«Saddam se n’è andato e ora ce ne sono mille, di Saddam, che si nascondono dentro la Zona Verde», dice un giovane manifestante all’Afp, in mezzo a piazza Tahrir. «Vogliamo vivere. Non è questione di soldi, ma di vivere. Lasciateci vivere», le parole della 21enne Batoul ad al Jazeera. Sono le voci della piazza irachena. Richieste precise e senza partito, dal 9 ottobre a oggi: un nuovo governo, una nuova costituzione non settaria, lavoro, redistribuzione della ricchezza.

LA POLITICA NON SA RISPONDERE: ieri il parlamento avrebbe dovuto riunirsi d’urgenza per discutere un primo pacchetto di riforme economiche, su richiesta degli stessi parlamentari dopo le violenze di venerdì. Sessione fallita e rimandata a data da destinarsi: non è stato raggiunto il quorum.

Intanto, fuori, per le strade di Baghdad e delle città del sud sciita si continuava a protestare. Nella notte tra venerdì e sabato il numero dei manifestanti uccisi è salito: oltre 60 vittime accertate, oltre 2.300 i feriti. Due i morti ieri. Nella capitale, piazza Tahrir è rimasta l’epicentro della ribellione: in centinaia sono rimasti a dormire nelle tende per presidiarla, ieri mattina l’hanno ripulita, qualcuno ha letto il Corano per commemorare le vittime. Siamo armati solo di bandiere e di acqua contro i gas dei lacrimogeni, dicono accusando le forze di sicurezza di una violenza irragionevole.

LA POLIZIA HA TENTATO di nuovo di disperdere la folla con i gas lacrimogeni, letali quanto le pallottole se è vero – dicono le organizzazioni per i diritti umani – che almeno otto persone sono state uccise dai candelotti. Numerosi però anche gli uccisi da armi da fuoco.

Il ministero degli Interni ha negato ieri l’uso di pistole e fucili da parte della polizia, scaricando la colpa sulle milizie sciite che a sud sono intervenute in forze contro le proteste. Ieri le manifestazioni sono proseguite anche a sud, nonostante il coprifuoco imposto venerdì dal governo su otto province, quelle dove le proteste si sono fatte più violente con assalti alle sedi dei partiti e delle milizie sciite. Undici delle 42 vittime sono morte nell’incendio di un edificio, appiccato dai manifestanti stessi.

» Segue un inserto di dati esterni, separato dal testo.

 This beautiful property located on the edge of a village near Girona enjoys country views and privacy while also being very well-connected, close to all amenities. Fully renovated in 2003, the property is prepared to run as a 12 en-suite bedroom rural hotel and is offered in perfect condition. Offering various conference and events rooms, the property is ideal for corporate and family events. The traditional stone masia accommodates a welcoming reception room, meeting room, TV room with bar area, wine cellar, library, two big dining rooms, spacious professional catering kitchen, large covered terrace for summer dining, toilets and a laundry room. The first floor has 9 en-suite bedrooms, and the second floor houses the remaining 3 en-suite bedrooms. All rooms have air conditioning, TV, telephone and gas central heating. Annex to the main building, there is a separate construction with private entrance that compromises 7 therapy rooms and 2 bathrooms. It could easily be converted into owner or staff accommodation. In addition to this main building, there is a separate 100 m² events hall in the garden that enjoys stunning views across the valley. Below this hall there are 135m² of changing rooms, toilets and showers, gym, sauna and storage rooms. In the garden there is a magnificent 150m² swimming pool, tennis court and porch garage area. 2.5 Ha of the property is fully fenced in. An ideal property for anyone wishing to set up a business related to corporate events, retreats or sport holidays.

È in questo contesto che ieri l’ufficio congiunto delle forze di sicurezza irachene, con un comunicato, ha fatto sapere ai manifestanti che saranno trattati dalla polizia come «terroristi» nel caso di nuovi attacchi a edifici governativi o sedi di partito, per poi citare un presunto e non dimostrato assalto a una prigione non identificata per liberarne i detenuti.

SULLO SFONDO DEL PALCOSCENICO della mobilitazione popolare si muovono altri attori. L’Iran resta il convitato di pietra, preso di mira dai manifestanti attraverso i suoi proxy locali, le milizie armate sciite impiegate contro l’Isis e che nel frattempo si sono fatte partito. C’è poi Moqtada al-Sadr, potente religioso sciita rivale di Teheran, che da anni cavalca il malcontento delle classi medie e basse; così è riuscito a vincere nel maggio del 2018 le elezioni parlamentari insieme allo stravagante compagno di lista, il Partito comunista. Oggi al-Sadr dà il suo appoggio alla piazza evitando di dire che al governo c’è anche lui.

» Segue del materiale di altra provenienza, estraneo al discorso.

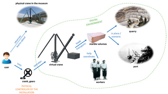 Our interactive installation attempts to fill this gap by providing a gamified environment, where visitors adopt the role of a crane operator and direct the block lifting process themselves. It consists of a simplified physical model of the crane in smaller scale and a large screen projecting a digitally recreated environment of the old quarry. The small-scale crane, which we will refer to as the ‘controller’, is used as an input mechanism for the installation. Visitors manipulate the tangible elements (gears, cranks, ropes) of the controller, that are abstractions of the functional parts of the real crane, and their actions are instantly translated into respective avatar movements in the digital environment. Additionally, the controller as a physical object demonstrates the basic workings of the crane as it embeds part of its functionality; when a user is rotating the crank, the main gears are rotating accordingly, and when she switches gears, the impact in the gear rotations is also observable2. The installation aims to virtually place visitors in the actual working conditions happening inside the mining-business, transcending them to the cultural environment of the corresponding era. Intangible aspects of the working culture of Tinian craftspeople, such as clothing and food, communicational patterns, working spaces, roles and hierarchies. will be revealed to the visitor in an interactive and engaging way. Figure 2 presents a concept diagram of the installation.
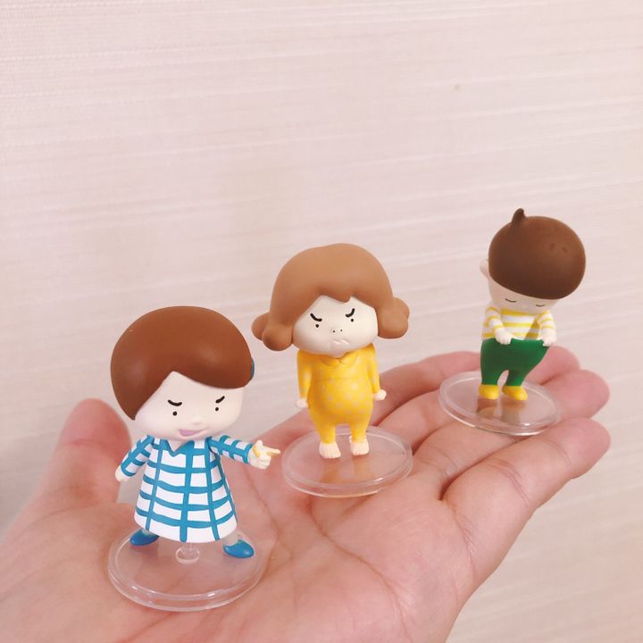 全5種類のうち3種類が当たったのですが、左から「わごむちゃん」「なつみちゃん」「おしっこちょっぴりもれたろう」です。残りの2つ(「あきらくん」と「おしっこけっこうもれたろう」)も欲しくて、フリマアプリで買っちゃいました(笑)。

E INFINE C’È IL DEBOLE primo ministro, Adel Abdul Mahdi, in carica da poco più di un anno e dopo innumerevoli consultazioni, tuttora incapace di mettere in campo una reale riforma politica ed economica.

A frenare il cambiamento, da decenni, è il sistema di potere settario cristallizzato nel post-Saddam: partiti politici che sono riferimento di etnie e confessioni e che di quelle identità fanno gli interessi, distribuendo favori, lavori pubblici, prebende in cambio di voti.

Un sistema che si è sempre auto-rigenerato ma che oggi è apertamente sfidato da chi – i giovani – non ne può più di uno Stato disfunzionale e clientelare.